__What the task requires__
Nothing but the lines below from the one with "Wie klingen Zimmerpflanzen?" through the one with "ki kaya buzullarının" should be output, each exactly as given, and no pictures.

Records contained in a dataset
****************************************

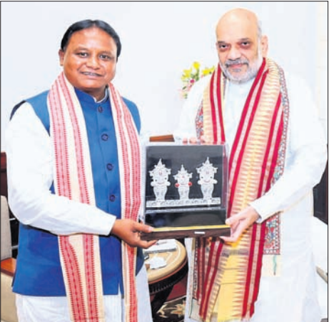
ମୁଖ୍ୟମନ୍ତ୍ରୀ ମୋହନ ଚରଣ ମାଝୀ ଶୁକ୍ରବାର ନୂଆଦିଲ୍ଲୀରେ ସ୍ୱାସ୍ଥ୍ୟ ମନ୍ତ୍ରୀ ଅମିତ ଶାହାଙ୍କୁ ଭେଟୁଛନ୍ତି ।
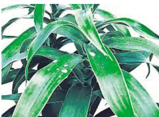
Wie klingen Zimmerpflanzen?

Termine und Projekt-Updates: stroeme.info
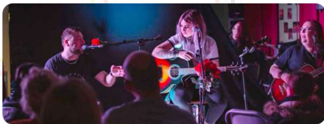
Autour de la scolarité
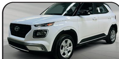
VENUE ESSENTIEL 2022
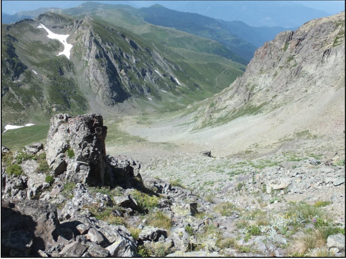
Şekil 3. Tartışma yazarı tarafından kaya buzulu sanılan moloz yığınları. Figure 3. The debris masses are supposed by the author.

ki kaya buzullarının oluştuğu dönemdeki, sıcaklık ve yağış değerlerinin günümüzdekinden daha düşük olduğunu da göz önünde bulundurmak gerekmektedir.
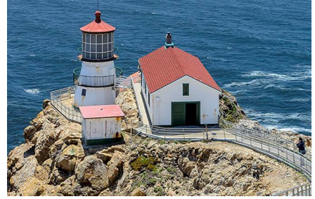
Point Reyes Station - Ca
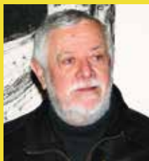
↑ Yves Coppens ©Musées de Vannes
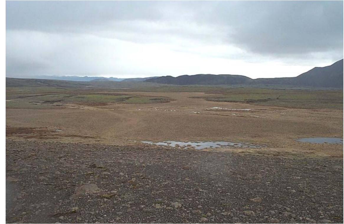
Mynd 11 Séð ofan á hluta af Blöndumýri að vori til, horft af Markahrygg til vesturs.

****************************************

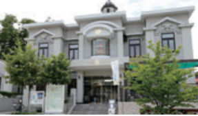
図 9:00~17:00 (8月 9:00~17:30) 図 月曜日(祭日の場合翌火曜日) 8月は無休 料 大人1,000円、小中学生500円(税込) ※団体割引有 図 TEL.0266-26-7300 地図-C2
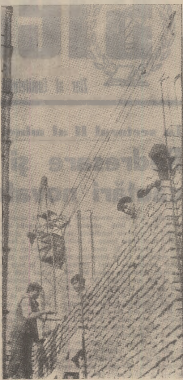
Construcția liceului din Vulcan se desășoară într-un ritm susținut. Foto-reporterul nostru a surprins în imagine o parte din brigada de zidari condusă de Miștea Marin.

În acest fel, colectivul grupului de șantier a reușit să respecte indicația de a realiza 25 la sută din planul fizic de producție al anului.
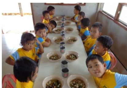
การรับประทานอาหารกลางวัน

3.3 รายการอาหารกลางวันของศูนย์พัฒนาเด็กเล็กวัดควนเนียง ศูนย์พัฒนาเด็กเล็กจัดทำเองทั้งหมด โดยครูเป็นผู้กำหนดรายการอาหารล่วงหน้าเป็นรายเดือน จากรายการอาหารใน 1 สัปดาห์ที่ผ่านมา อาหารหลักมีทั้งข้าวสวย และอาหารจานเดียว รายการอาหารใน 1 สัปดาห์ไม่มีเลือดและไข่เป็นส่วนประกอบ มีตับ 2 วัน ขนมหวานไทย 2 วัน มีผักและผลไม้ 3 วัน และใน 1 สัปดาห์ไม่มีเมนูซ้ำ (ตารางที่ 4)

****************************************

__Output__
Wie klingen Zimmerpflanzen?

Termine und Projekt-Updates: stroeme.info
Autour de la scolarité
VENUE ESSENTIEL 2022
Şekil 3. Tartışma yazarı tarafından kaya buzulu sanılan moloz yığınları. Figure 3. The debris masses are supposed by the author.

ki kaya buzullarının oluştuğu dönemdeki, sıcaklık ve yağış değerlerinin günümüzdekinden daha düşük olduğunu da göz önünde bulundurmak gerekmektedir.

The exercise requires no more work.